- [Data block]:
_ _ _ _ _ _ _

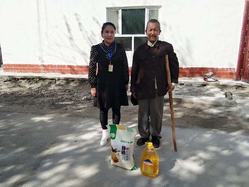 拜城县文化体育电视和旅游局驻米克乡库木墩村工作队队员吐逊古丽·阿西木在走访过程中了解得知71岁的阿巴斯·买买提最近小腿骨折了,妻子在外捡棉花而不在家,女儿又在上大学,家庭本来就不富裕的阿巴斯·买买提来说是雪上加霜。
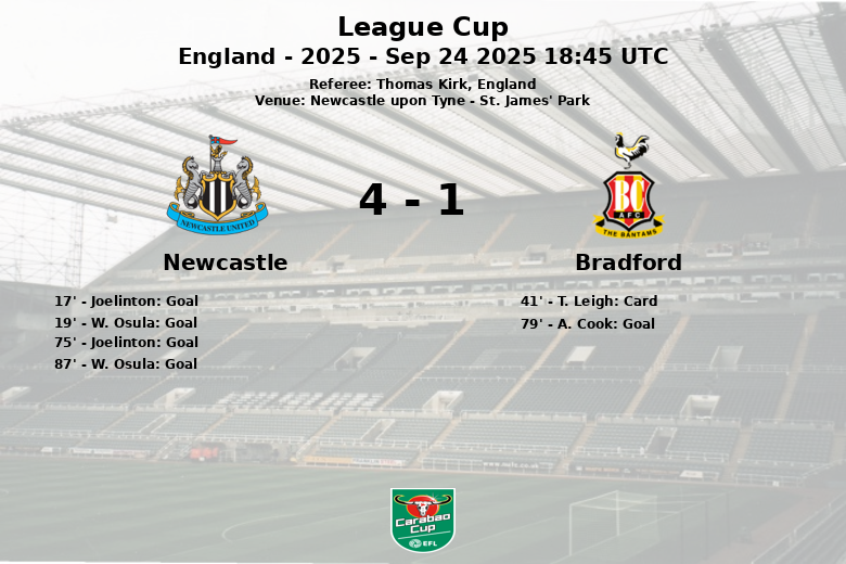 Newcastle Crushes Bradford in League Cup with Dominating Offensive Display
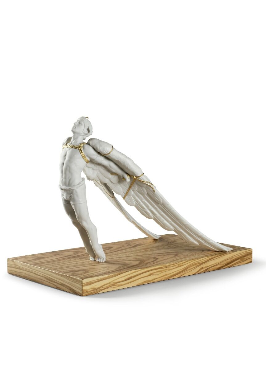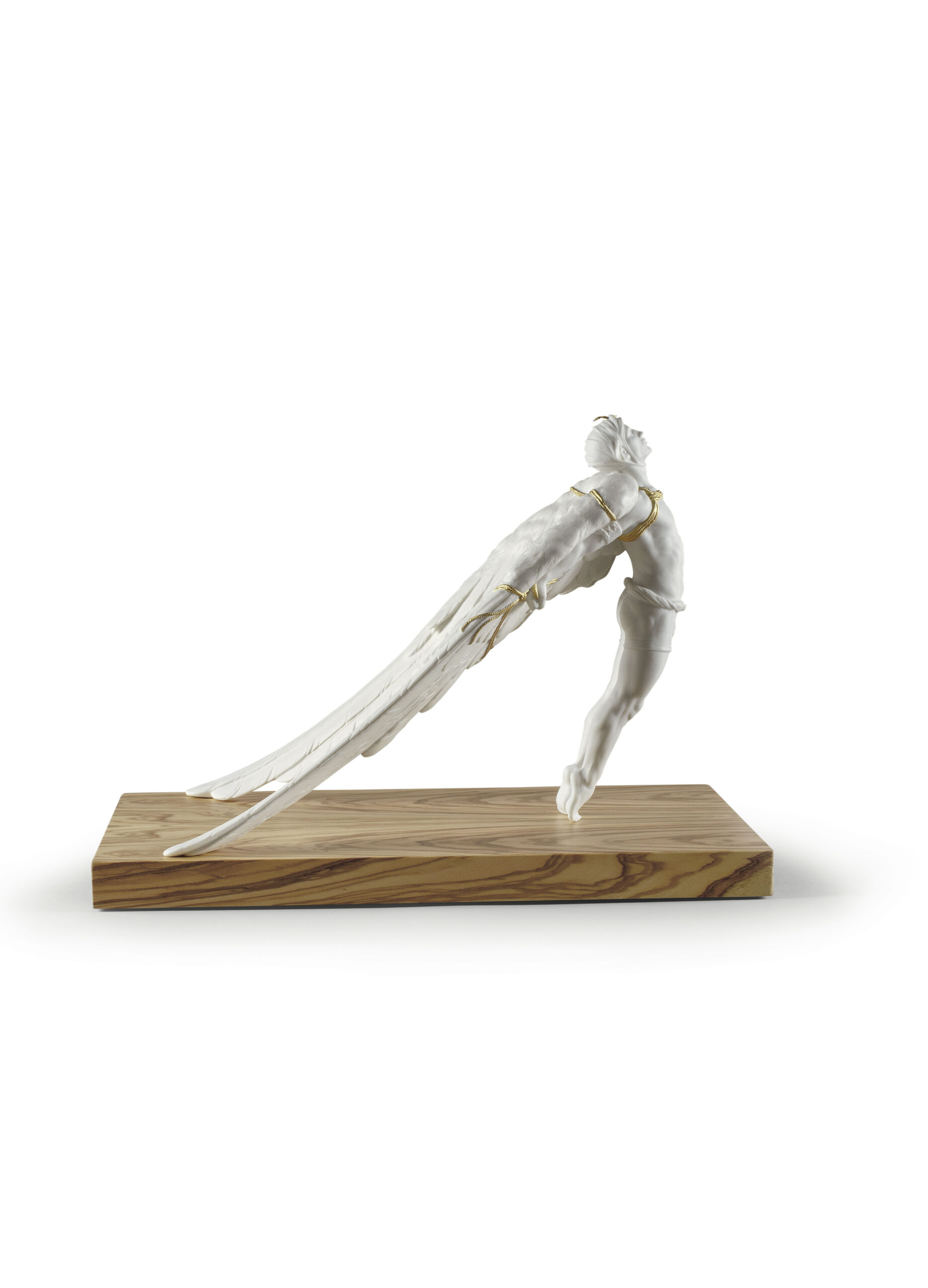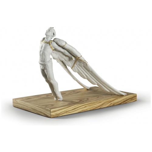 This creation depicts Icarus in his attempt to fly too close to the sun, a symbol of determination and the desire to go further. A piece of white matte porcelain with details of golden luster. This sculpture is a true display of artistic and technical balance, with great decorative potential. Handcrafted in Spain.

_ _ _ _ _ _ _

- [Exercise prompt]: An exact repeat of all the data is required, pictures excluded.

- [Output for this exercise]:
 拜城县文化体育电视和旅游局驻米克乡库木墩村工作队队员吐逊古丽·阿西木在走访过程中了解得知71岁的阿巴斯·买买提最近小腿骨折了,妻子在外捡棉花而不在家,女儿又在上大学,家庭本来就不富裕的阿巴斯·买买提来说是雪上加霜。
 Newcastle Crushes Bradford in League Cup with Dominating Offensive Display
 This creation depicts Icarus in his attempt to fly too close to the sun, a symbol of determination and the desire to go further. A piece of white matte porcelain with details of golden luster. This sculpture is a true display of artistic and technical balance, with great decorative potential. Handcrafted in Spain.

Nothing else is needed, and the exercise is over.